It is also worth to mention about an increasing number of SLRs reporting on food supplements and diets. Between 2010 and 2020 over 70,000 new articles on nutraceuticals became available in PubMed. COVID-19 pandemic led to even higher interest in dietary supplements in early 2020. Consumers were looking for additional protection from disease and it resulted in 44% increase in sales during the first wave of the pandemic in the US, relative to the same period in the previous year. Supplement sales in March 2020 increased by 63% and about 40–60% versus the same period in 2019 in the UK and France, respectively [ 38 ]. In some authors’ opinion, supplement market growth trends will not continue and should normalize to pre-pandemic values during the following years [ 39 ]. According to other sources, global supplement market is expected to grow, and the main factors influencing this trend are as follows: focusing on well-being, preventive healthcare and shifting from standard pharmaceuticals to supplements and diets, and the growing geriatric population [ 40 ].
The recognition of RCT SLRs’ usefulness for providing a synthetized unbiased information has led to increased volume of SLRs. RCT SLR publications are growing at an exponential speed. The rapid increase in the number of published RCT SLRs in the last 3 years is partly driven by the emergence of the COVID-19 pandemic. While SLR is considered as the gold standard to unequivocally address evidence, in the case of COVID-19 it was source of controversies and outcome divergence between studies. The most frequently evaluated diseases through RCT SLRs are aligned with leading causes of death and disability worldwide indicated in the reports published by WHO and IHME [ 35 , 36 ]. The emergence of food supplements and diets illustrate the increase interest for such interventions that may be considered at the frontier of lifestyle and medicine. Although SLR is recognized as the most rigorous way to perform review, the number of narrative review remains more important than SLR. It is interesting to notice that epidemiological SLRs are growing fast and are about to catch up the number of RCT SLRs. The development of real-world evidence to assess interventions, the larger access to historical databases, may have played a role in the development of epidemiological studies. SLR will continue to grow as the number of RCTs and epidemiological studies will grow making the need for unbiased summary increasingly important for supporting EBM.

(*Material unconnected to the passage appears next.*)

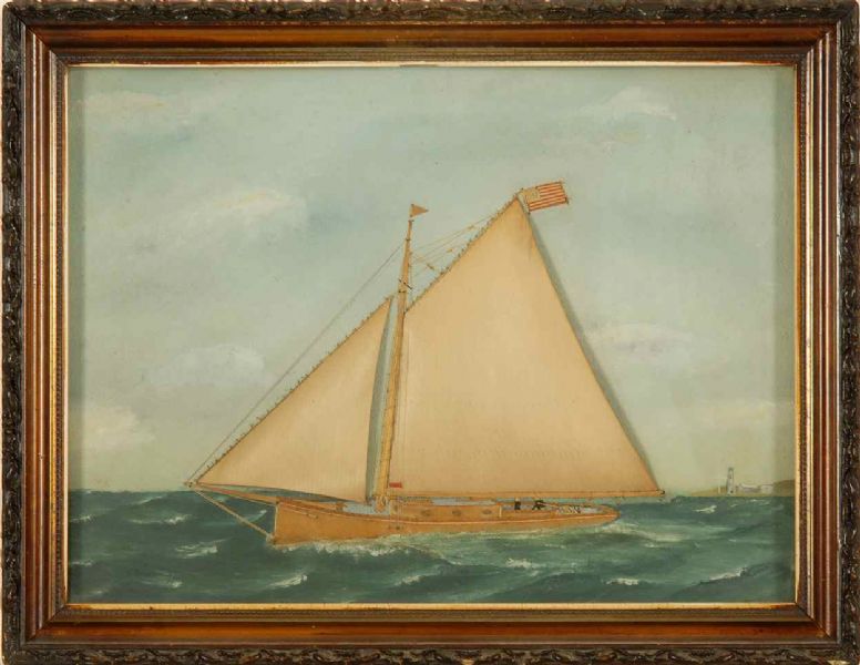 Catboat off a coast.
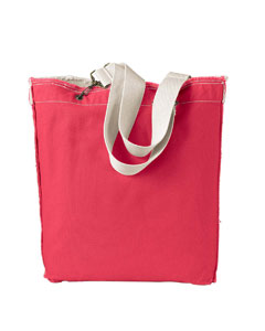 100% cotton canvas; Natural canvas webbing straps; antique brass hardware; inside hanging pocket; 13 1/2"W x 14"H x 3 1/2"D;

Covid-19 search strategy (“systematic reviews” filter applied) run on 15.05.2023 in pubmed.
(‘COVID-19’[Mesh] OR ‘SARS-CoV-2’[Mesh] OR ‘COVID-19 Vaccines’[Mesh] OR ‘COVID-19 Serological Testing’[Mesh] OR ‘COVID-19 Nucleic Acid Testing’[Mesh] OR ‘SARS-CoV-2 variants’ [Supplementary Concept] OR ‘COVID-19 drug treatment’ [Supplementary Concept] OR ‘COVID-19 serotherapy’ [Supplementary Concept] OR ‘2019-nCoV’ OR ‘2019nCoV’ OR ‘cov 2’ OR ‘COVID-19’ OR ‘sars coronavirus 2’ OR ‘sars cov 2’ OR ‘SARS-CoV-2’ OR ‘severe acute respiratory syndrome coronavirus 2’ OR ‘coronavirus 2’ OR ‘COVID 19’ OR ‘COVID-19’ OR ‘2019 ncov’ OR ‘2019nCoV’ OR ‘corona virus disease 2019’ OR ‘cov2’ OR ‘COVID-19’ OR ‘COVID19’ OR ‘nCov 2019’ OR ‘nCoV’ OR ‘new corona virus’ OR ‘new coronaviruses’ OR ‘novel corona virus’ OR ‘novel coronaviruses’ OR ‘sars coronavirus 2’ OR ‘SARS2’ OR ‘SARS-CoV-2’ OR ‘severe acute respiratory syndrome coronavirus 2’)
‘epidemiologic stud*’ OR ‘epidemiology’ OR ‘epidemiologic’ OR ‘epidemiological’ OR ‘epidemiol*’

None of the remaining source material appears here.